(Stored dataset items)
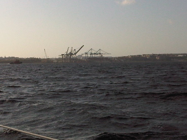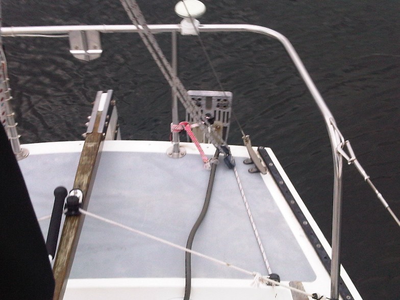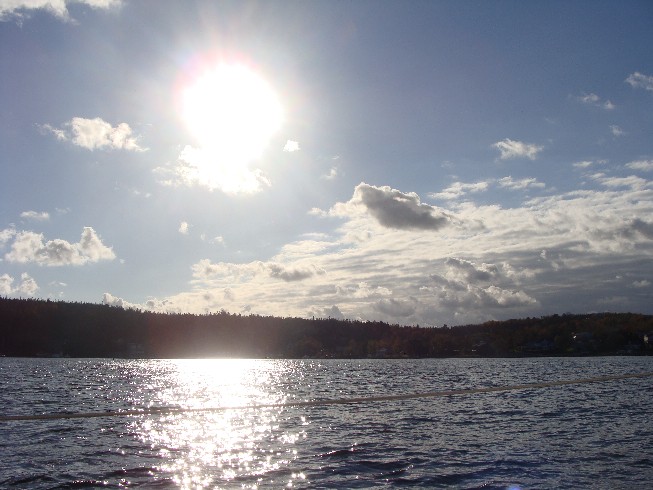 Windy. Still warm but windy. Forecast was for 22 knots gusting to 30 and ended up 32 steady gusting 38 at one point. On board we had Erwin and Dianne with whom we raced the Silver Sail, Sheelagh, Heather, Mike. We opted for the #3 and reefed main with max backstay etc... Prior to start one boat dropped out because was too windy and the boat could not handle it. Also prior to start two other boats tore their mains and retired. This left only 5 boats to actually start the race. A varied fleet with a Tartan Thomas 35, J/29 Fr, J/27, J/24 and a Bluenose sloop. All boats but the J/29 had reefed mains - on some double reefed. We had a short upwind leg followed by a reach and then a longer upwind leg. During this point in the race the windex blew off - again! That is now the 4th windex - three have blown off and one damaged by a crane. Approx 2/3 thru the long upwind leg we had max everything and reefed main flogging. Rail and stanchions still buried with just the blade pulling. Was at that point we decided to abandon the race and relax. Small tear in luff tape on jib was only damage and with the warm weather was very enjoyable.
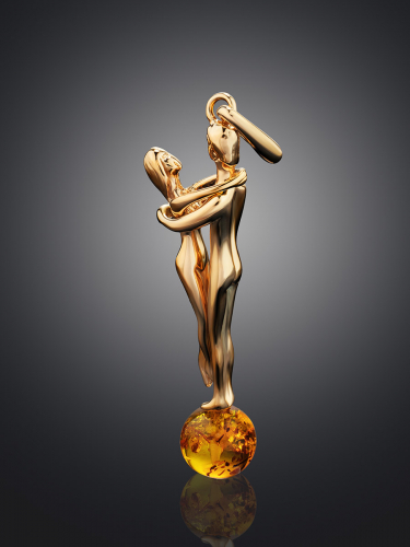 Кулон из натурального цельного янтаря в золочённой оправе «Версаль»
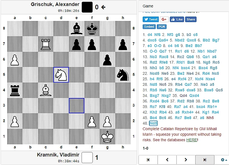 Если коротко, то партию скорее проиграл Александр, чем выиграл Владимир. Грищук буднично потратил львиную долю времени на относительно простые ходы, оказавшись в цейтноте уже к миттельшпильным осложнениям. В результате он проскочил через перспективную позицию и получил плохой эндшпиль. Крамник технично реализовал перевес.
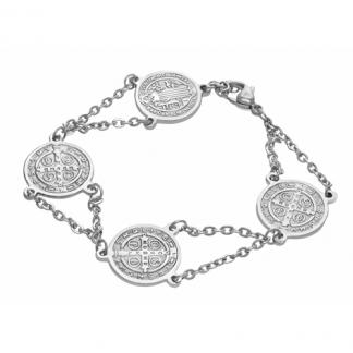 STAINLESS STEEL BRACELET WITH 4 SAN BENITO CHARMS LINKED WITH CHAINS WITH CLIP ALL IN S/S
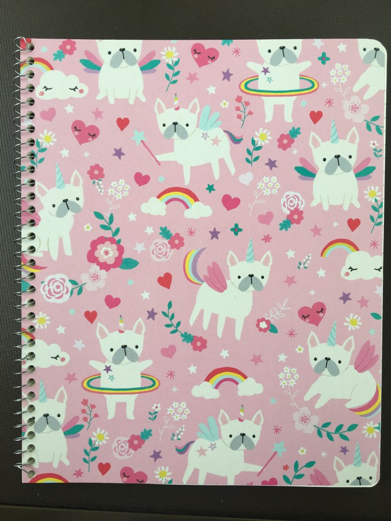 My unicorn-fairy-pugs (who thinks of these things? How much fun it would be to design spiral covers!) will be my notebook for upcoming classes and workshops I take. I am required by my profession to complete a certain amount of CEU’s each year, but I also read a lot for personal development and for my own learning. A notebook is always needed for these endeavors, especially because I am getting old and need to write things down in order to remember them! Has there been a class you want to take but have been putting off? A book you want to read that may require some notes? A nice spiral makes it more enjoyable and motivating.

■ What is required ■
Would you output all of the entries above exactly, keeping the pictures out?

■ Response to the exercise ■
 Windy. Still warm but windy. Forecast was for 22 knots gusting to 30 and ended up 32 steady gusting 38 at one point. On board we had Erwin and Dianne with whom we raced the Silver Sail, Sheelagh, Heather, Mike. We opted for the #3 and reefed main with max backstay etc... Prior to start one boat dropped out because was too windy and the boat could not handle it. Also prior to start two other boats tore their mains and retired. This left only 5 boats to actually start the race. A varied fleet with a Tartan Thomas 35, J/29 Fr, J/27, J/24 and a Bluenose sloop. All boats but the J/29 had reefed mains - on some double reefed. We had a short upwind leg followed by a reach and then a longer upwind leg. During this point in the race the windex blew off - again! That is now the 4th windex - three have blown off and one damaged by a crane. Approx 2/3 thru the long upwind leg we had max everything and reefed main flogging. Rail and stanchions still buried with just the blade pulling. Was at that point we decided to abandon the race and relax. Small tear in luff tape on jib was only damage and with the warm weather was very enjoyable.
 Кулон из натурального цельного янтаря в золочённой оправе «Версаль»
 Если коротко, то партию скорее проиграл Александр, чем выиграл Владимир. Грищук буднично потратил львиную долю времени на относительно простые ходы, оказавшись в цейтноте уже к миттельшпильным осложнениям. В результате он проскочил через перспективную позицию и получил плохой эндшпиль. Крамник технично реализовал перевес.
 STAINLESS STEEL BRACELET WITH 4 SAN BENITO CHARMS LINKED WITH CHAINS WITH CLIP ALL IN S/S
 My unicorn-fairy-pugs (who thinks of these things? How much fun it would be to design spiral covers!) will be my notebook for upcoming classes and workshops I take. I am required by my profession to complete a certain amount of CEU’s each year, but I also read a lot for personal development and for my own learning. A notebook is always needed for these endeavors, especially because I am getting old and need to write things down in order to remember them! Has there been a class you want to take but have been putting off? A book you want to read that may require some notes? A nice spiral makes it more enjoyable and motivating.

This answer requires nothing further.